### Problem description
Once the pictures are removed, reproduce what is left of the data below exactly.

### Data
------------------------

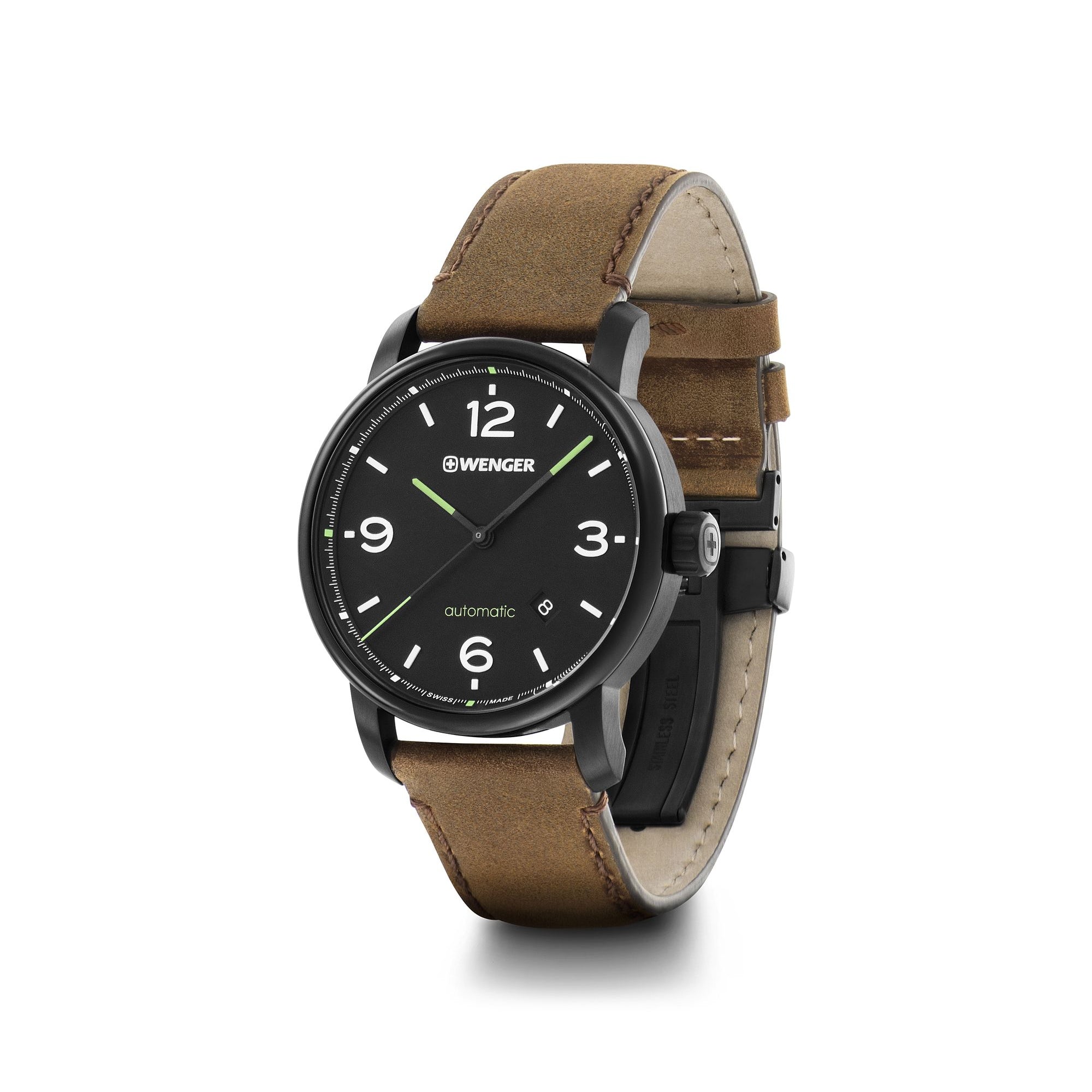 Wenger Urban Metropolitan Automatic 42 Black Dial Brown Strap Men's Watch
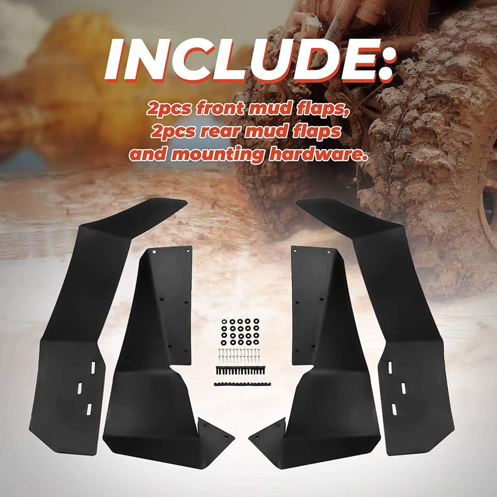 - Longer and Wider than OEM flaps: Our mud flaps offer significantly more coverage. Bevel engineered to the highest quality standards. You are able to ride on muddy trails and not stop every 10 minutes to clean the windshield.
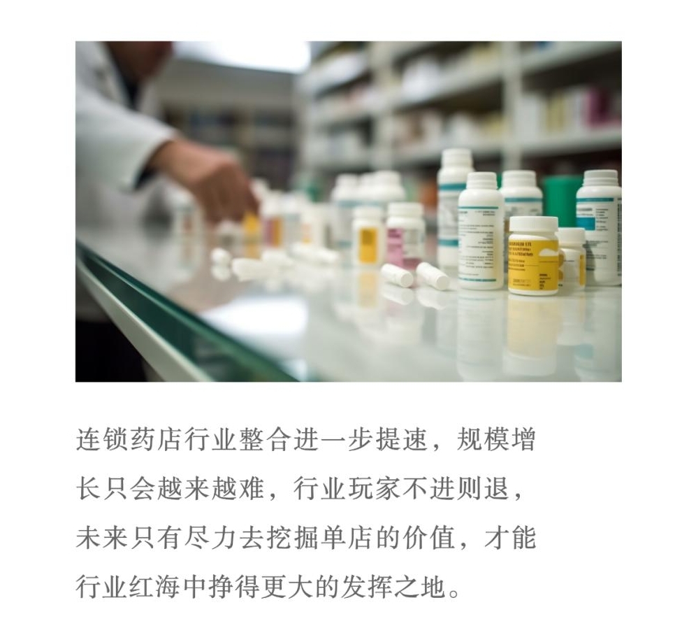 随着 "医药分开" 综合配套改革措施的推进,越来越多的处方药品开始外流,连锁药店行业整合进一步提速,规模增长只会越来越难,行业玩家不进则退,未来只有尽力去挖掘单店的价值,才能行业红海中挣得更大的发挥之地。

------------------------

### Completed exercise
 Wenger Urban Metropolitan Automatic 42 Black Dial Brown Strap Men's Watch
 - Longer and Wider than OEM flaps: Our mud flaps offer significantly more coverage. Bevel engineered to the highest quality standards. You are able to ride on muddy trails and not stop every 10 minutes to clean the windshield.
 随着 "医药分开" 综合配套改革措施的推进,越来越多的处方药品开始外流,连锁药店行业整合进一步提速,规模增长只会越来越难,行业玩家不进则退,未来只有尽力去挖掘单店的价值,才能行业红海中挣得更大的发挥之地。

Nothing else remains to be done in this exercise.